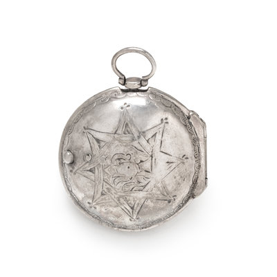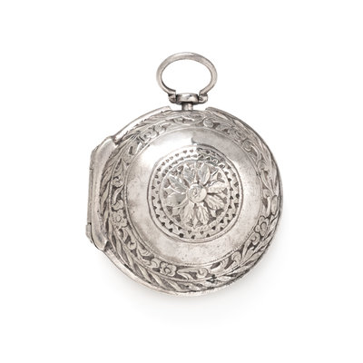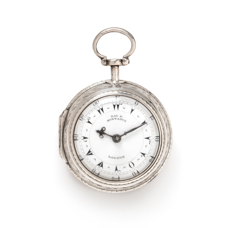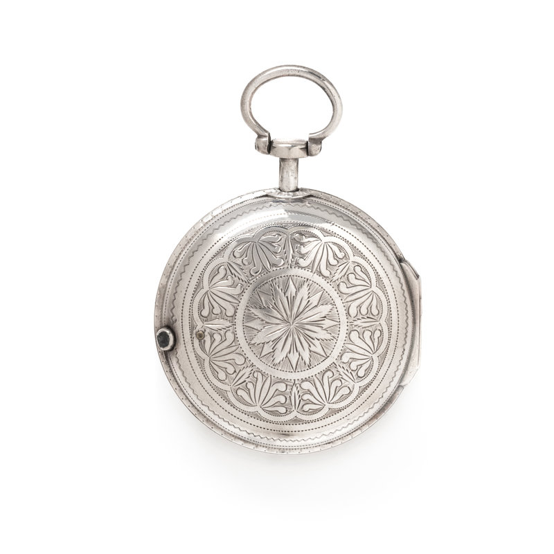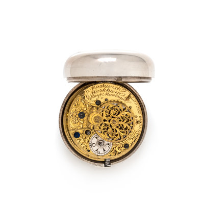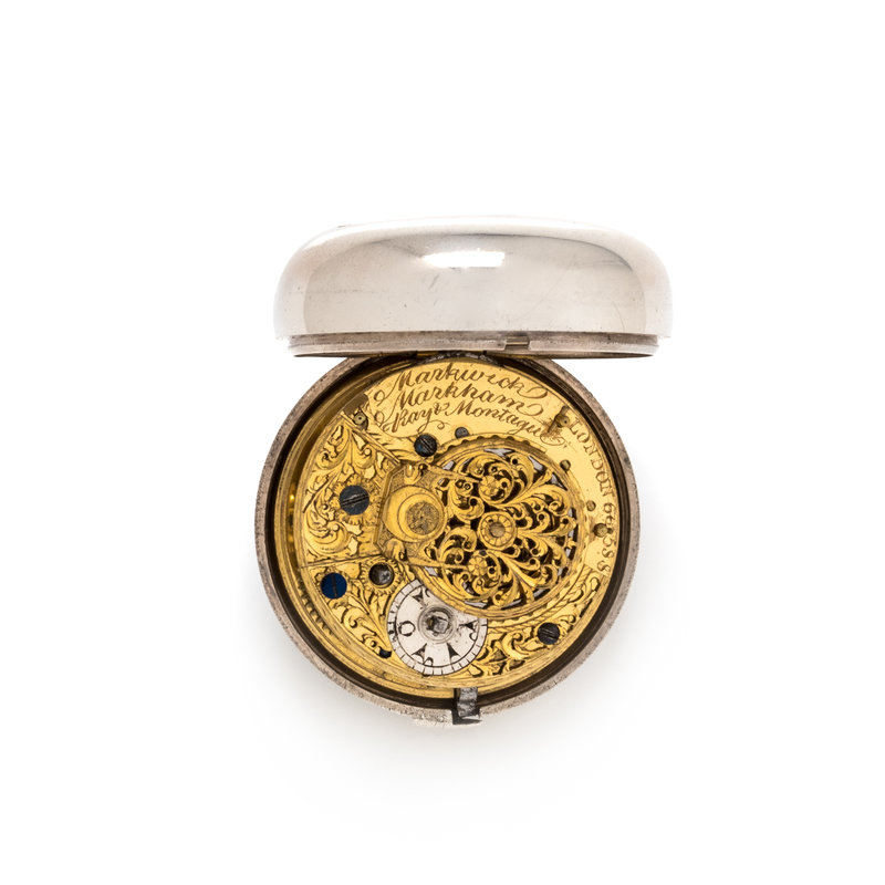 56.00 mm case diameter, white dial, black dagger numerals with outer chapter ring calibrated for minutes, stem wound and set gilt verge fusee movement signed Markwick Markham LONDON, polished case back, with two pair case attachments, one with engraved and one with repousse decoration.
...
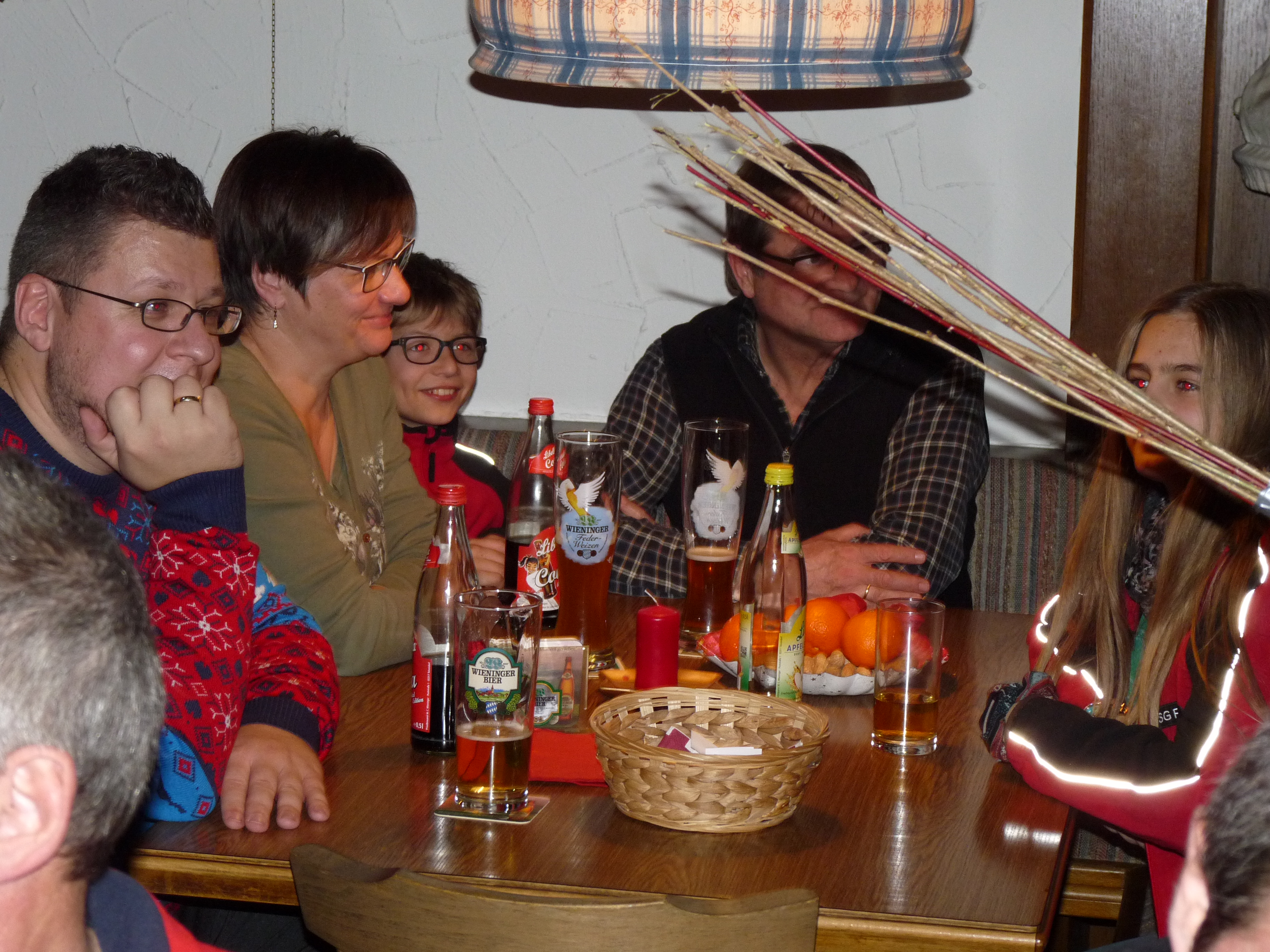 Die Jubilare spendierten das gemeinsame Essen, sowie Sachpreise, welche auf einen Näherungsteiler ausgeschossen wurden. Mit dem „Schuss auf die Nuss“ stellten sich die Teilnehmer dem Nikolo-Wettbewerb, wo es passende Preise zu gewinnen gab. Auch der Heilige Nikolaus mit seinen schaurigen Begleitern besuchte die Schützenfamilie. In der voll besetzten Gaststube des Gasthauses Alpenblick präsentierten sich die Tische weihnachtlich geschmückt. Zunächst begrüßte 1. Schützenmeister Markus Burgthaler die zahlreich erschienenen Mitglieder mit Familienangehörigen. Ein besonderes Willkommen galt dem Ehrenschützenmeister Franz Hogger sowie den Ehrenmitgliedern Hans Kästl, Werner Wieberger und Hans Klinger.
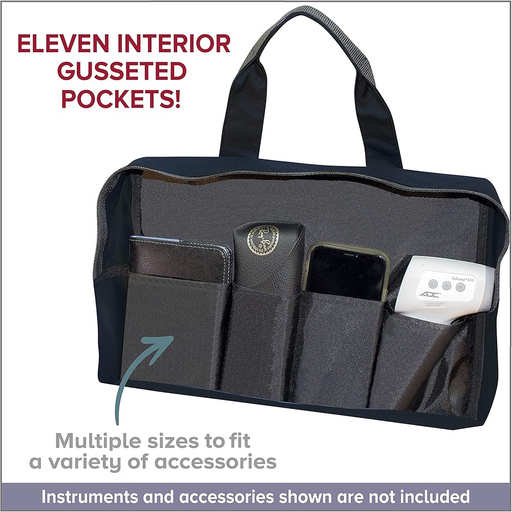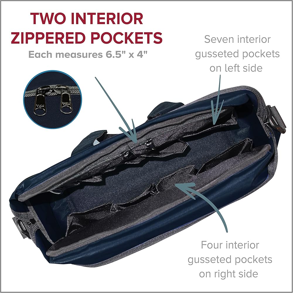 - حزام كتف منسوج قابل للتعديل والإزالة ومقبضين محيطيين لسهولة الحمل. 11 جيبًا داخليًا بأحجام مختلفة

> WHAT IS EXPECTED: From the records above, copy exactly the stretch from the line holding "Die Jubilare spendierten" through the line holding "- حزام كتف منسوج", both ends included, without the pictures.

> ANSWER TO THE PROBLEM:
 Die Jubilare spendierten das gemeinsame Essen, sowie Sachpreise, welche auf einen Näherungsteiler ausgeschossen wurden. Mit dem „Schuss auf die Nuss“ stellten sich die Teilnehmer dem Nikolo-Wettbewerb, wo es passende Preise zu gewinnen gab. Auch der Heilige Nikolaus mit seinen schaurigen Begleitern besuchte die Schützenfamilie. In der voll besetzten Gaststube des Gasthauses Alpenblick präsentierten sich die Tische weihnachtlich geschmückt. Zunächst begrüßte 1. Schützenmeister Markus Burgthaler die zahlreich erschienenen Mitglieder mit Familienangehörigen. Ein besonderes Willkommen galt dem Ehrenschützenmeister Franz Hogger sowie den Ehrenmitgliedern Hans Kästl, Werner Wieberger und Hans Klinger.
 - حزام كتف منسوج قابل للتعديل والإزالة ومقبضين محيطيين لسهولة الحمل. 11 جيبًا داخليًا بأحجام مختلفة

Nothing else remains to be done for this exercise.